Hi,
I thought I'd update this blog with some actual AltSci Cell information. It's been over a month since my last post. But actually, I've only gotten a few days of work done on AltSci Cell, so it hasn't been very long.
Greetings,
You may be wondering why I am updating this site more regularly than other sites, such as Javantea's Fate. JF is no longer in production (it's been put aside for two projects that are more interesting to me). Since this is the second and thus most interesting applicable site, it is where I post my blog. It's a developer blog, similar to Making of Javantea's Fate. I stopped posting blogs at #378, posted on 2006-03-07. How far will this blog go? Hopefully I'll move onto another project before Spring, but I'll probably post a note or two here just for kicks (in the same sense that I plan to post blogs on JF now).
Greetings,
As of today, this site is totally upgraded. The features that it supports are:
- database backend for rapid updating
- membership
- file upload
- comments
- blog-style articles tab
- this blog
If you're just looking for my latest blog, find the yellow Articles tab, click the Blog with the latest date, and you'll probably find a link to my latest work. What is AltSci Cell about? If you got here through the domain cell-game.com, you probably know that I am writing a video game called Cell. This website will show pictures of it until it's completion, at which point it will have downloads available and it will allow you to purchase the game.
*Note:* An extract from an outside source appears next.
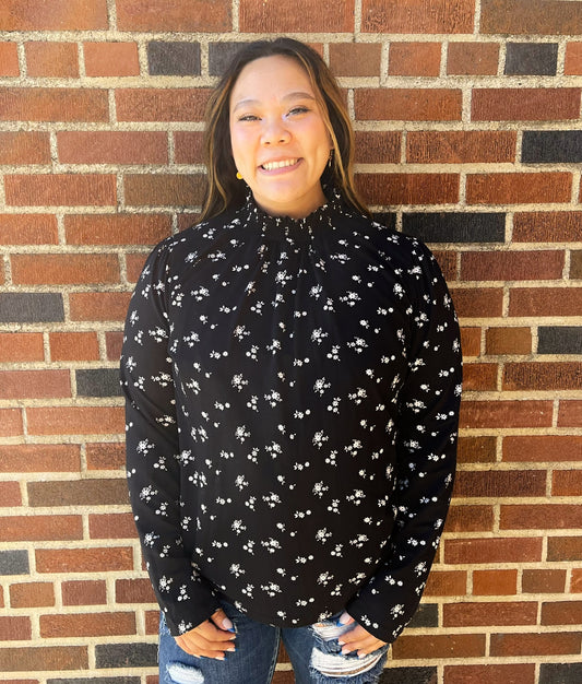 WHITE BIRCH- Long Sleeve Floral Print Knit Top

What type of game will Cell be? Cell is a game about the technology of communication and how we use it to define our reality. Even before I owned a cell phone, I wanted to write a satire on the high cost of cell phones. Now that I have a cell phone myself that costs $80-100 per month (don't ask me how), the satire hits home. While satire is still a motivation for Cell, it's not the main motivation. Now that I understand the idea of cell phones, I am much better equipped to ask and perhaps to answer the question "Why do we really need a cell phone?" Don't expect me to lecture you on your bill.
More specifically, Cell will have a semi-traditional gameplay based on the love sim genre with a bit of American style mystery and plenty of philosophy. I'm going to try my best to script as little as possible in AltSci Cell (opposed to Hack Mars, which will have over hundred scripted sequences) so that the player is the engine through which the plot is explained. People seem to like controlling their own destiny and video games give them a very weird (read: unique) way to express it.